▶ [WHAT IS NEEDED] Nothing but the lines from the one containing "애플비 컬리지 캐나다 Top 보딩스쿨 입학세미나에 지금 신청하세요." to the final line of the entries should appear, copied exactly and without pictures.

(GIVEN RECORDS)

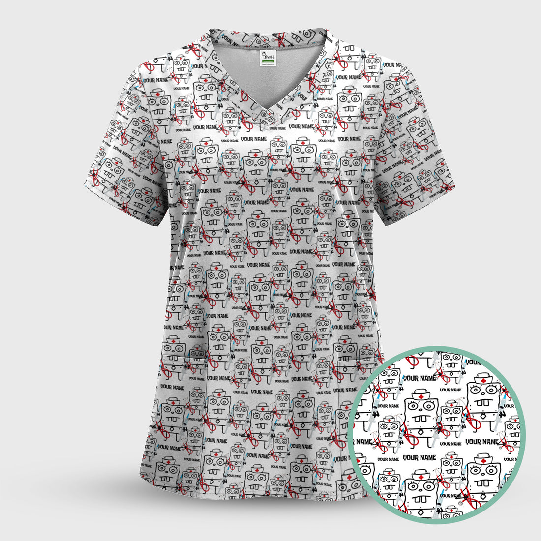 Personalized Doodle Bob Nurse Scrub - Funny Cartoon Medical Design - Custom Gift for RN MD CNA Healthcare
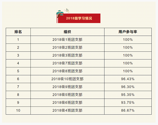 在上一期“青年大学习”网上主题团课的学习中,2018级1班、2班、3班、7班、8班团支部位居榜首。
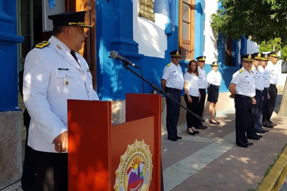 Como tradicionalmente se hace, se izó la bandera y luego el Jefe de Zona Inspección Nº 1, Comisario Inspector Leonardo Pino, dio un discurso donde transmitió y destacó el esfuerzo que cotidianamente realizan los policías, como así también recordar a los caídos en el servicio.
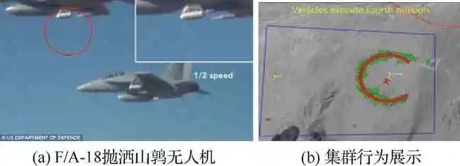 山鹑(Perdix)无人机集群项目由美国战略能力办公室(Strategic Capabilities Office, SCO)主导,采用有人战机投放无人机集群代替空射诱饵等,执行诱导欺骗、前出侦查等任务。2016年10月,完成由3架F/A-18战斗机空中投放103架“山鹑”无人机的演示验证,集群展现了一些高级的行为如集群决策、自适应编队以及集群自愈性,如图12所示[37]。
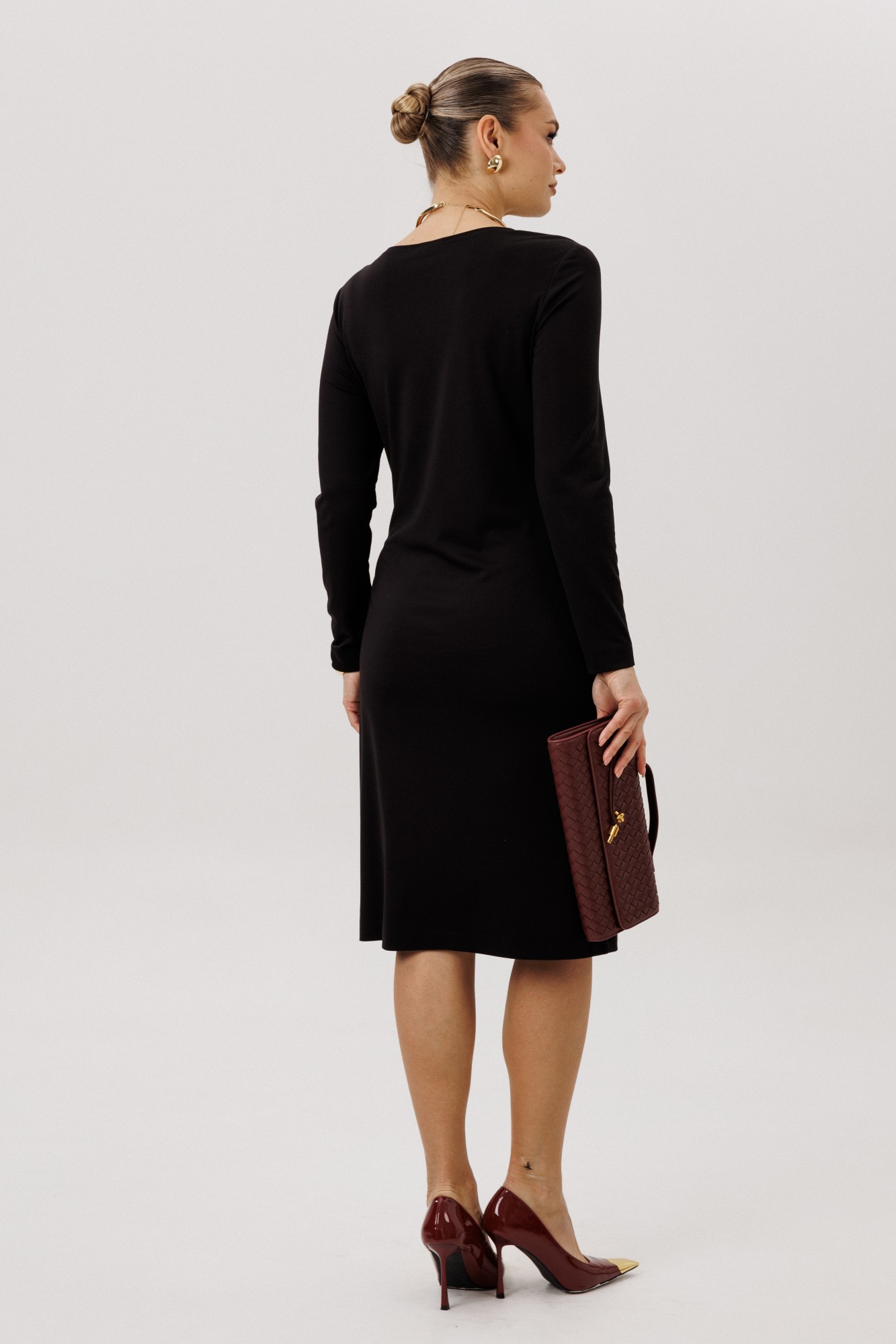 Драпировка - это ключевой элемент платья сезона 2025 г. Этот приём позволяет создать мягкий, женственный силуэт, при этом придаёт образу динамику. Расположенная в области талии она эффектно подчёркивает фигуру. Платье полуприлегающего силуэта, втачного покроя с круглым вырезом горловины и длинным рукавом. Комфортное вискозное полотно, средняя длина. Полочка с центральным швом и ассиметричным поясом-завязкой, образующим драпировку на правой половине. Рукав одношовный.
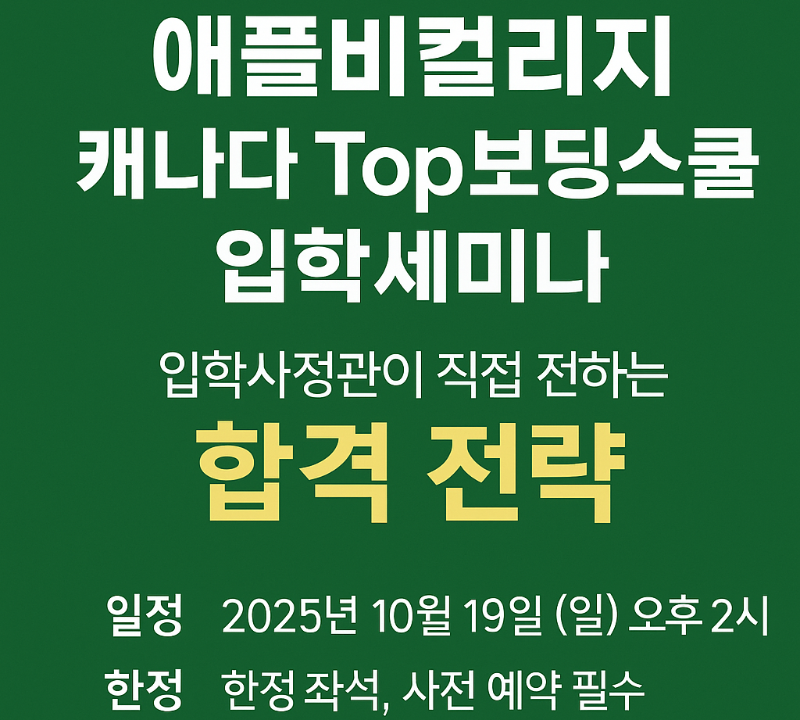 애플비 컬리지 캐나다 Top 보딩스쿨 입학세미나에 지금 신청하세요.
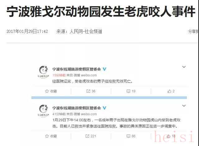 2017年1月29日,雅戈爾動物園發(fā)生老虎咬人事件,被咬男子死亡。

(End GIVEN RECORDS)

▶ [RESPONSE AREA]
 애플비 컬리지 캐나다 Top 보딩스쿨 입학세미나에 지금 신청하세요.
 2017年1月29日,雅戈爾動物園發(fā)生老虎咬人事件,被咬男子死亡。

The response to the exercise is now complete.